Ребята замолчали, прокатывая в голове предложенный вариант песни и моё видение будущего клипа.
– This is my dream, Мечта моя. Можно будет микс сделать. Аккорд в пять голосов споём на английском, а в подпевках его разложим на русском, а потом наоборот, – предложил Лёжа после продолжительного молчания, – Стилизацию под русский народный хор дополним их манерой исполнения и голосами позвонче.
– А что за «правильные костюмы»? – почти одновременно с ним спросила Ольга, смутившись, что нетактично влезла в разговор.
– Стилизованные образы советских людей. Моряк, медсестра, рабочий, учительница и так далее. Сами предлагайте, кому что ближе, – ответил я ей, показав жестом Алексею, что думаю над его предложением.
– Тогда я наверно дирижёром буду. Могу даже палочкой правильно помахать. Хороший образ получится, и в общую канву впишется. Должен же у нас кто-то быть от творческой интеллигенции, – Алексей нерешительно посмотрел на Ирину, ожидая подколку с её стороны.
– Я врачом, всю жизнь хотела, – отозвалась девушка, улыбаясь, и мечтательно закатывая глаза.
– Я моряком. Тельник и клёши. Прикольно, – Николай расправил плечи, и не вставая со стула, руками изобразил па из танца «Яблочко». Лихо у него вышло. Очень узнаваемо.
– Эй, где моя белая каска и комбез. Я прораб, – ребята начали галдёж, подхватывая идею.
– Зачем тебе каска?
– Знаю я вас. Вы же иначе подстригаться заставите, а я на такое несогласный.
– Ой, а мне кем лучше… Учительницей или стюардессой? Или парикмахером? В таком коротком передничке…
Гвалт за столом стих минуты за три. Образы все себе выбрали и уставились на меня.
– Паша, а ты у нас кем будешь? – скорчив забавную моську, спросила Ольга.
– Мне проще всех. Даже думать не нужно. Я с собой форму нашей сборной прихватил. Как чувствовал, что понадобится. Так что я буду олицетворять собой советский спорт, с вот такущими буквами СССР на груди, – я приложил вытянутую ладонь к сердцу, показывая, какого размера буквы у меня на спортивной куртке.
– Ой, а где мы костюмы возьмём? – несколько запоздало всполошилась Иринка.
– Пусть у немцев голова болит. Есть же у них киностудии. Найдут, если захотят, – успокоил её Коля, – Я только одного боюсь. Мы тут всё распланировали, а вдруг Фариану песня не понравится. Может он клип вообще не по этой вещи решил снять. Мадлен же ничего не уточняла.

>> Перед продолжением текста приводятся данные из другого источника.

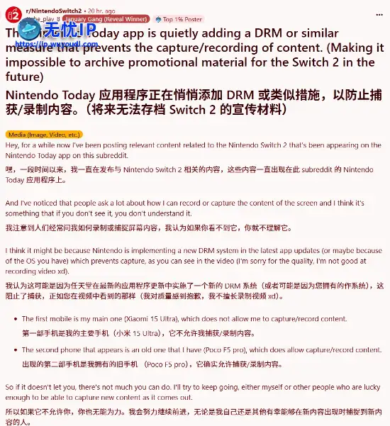 他进一步指出,Nintendo最近推出的更新可能引入了一种新的DRM系统,专门防止用户捕捉或录制应用内的内容。例如,在他的测试中,使用的小米15 Ultra手机无法录制内容,而另一部老旧的Poco F5 Pro手机则可以正常录制。他进一步指出,Nintendo最近推出的更新可能引入了一种新的DRM系统,专门防止用户捕捉或录制应用内的内容。例如,在他的测试中,使用的小米15 Ultra手机无法录制内容,而另一部老旧的Poco F5 Pro手机则可以正常录制。

– Немцы жуткие бюрократы. Без документа им ничего не докажешь. Для нас, в данном случае, это большой плюс. Им прилетает оборотка. Ни про какую съёмку с нашим участием нигде не сказано. Так что мы можем согласиться, за небольшую доплату наличными, но на то, что нам интересно, или напрочь отказаться от дополнений к контракту. Я понимаю, что все мы, как истинные советские идеалисты, привыкли бескорыстно работать во имя светлой идеи. Вот только сейчас не тот случай. Мы работаем в капиталистическом коммерческом проекте. Что характерно, за деньги. Поэтому имеем право выставить свои условия за дополнительную работу. Они у нас простые. Можем снять клип, за символическую плату наличными по нашему предложению, или пускай пишут дополнение к контракту и пробуют его согласовать официально. Где и как, лично я не знаю. Для вас такие отношения звучат дико, но это капитализм. Не только со всеми его гримасами, но и с его возможностями, – я смочил пересохшее горло глотком остывшего кофе, – Кроме того, я уверен, что когда Фрэнк поймёт, насколько эпатажно и необычно у нас всё получится, он согласится и на более щедрые условия. Главное теперь – это правильно всё донести до его помощника Рудольфа. Тут мне потребуется ваша помощь. Ирине и Алексею надо будет делать строгое и умное лицо, и время от времени раздувать щёки, когда я маякну. Упирайте на то, что мы не нанятые ямайские танцоры, изображающие пение под чужую фонограмму, а самостоятельные творческие личности. С собственной музыкой, текстами и имиджем.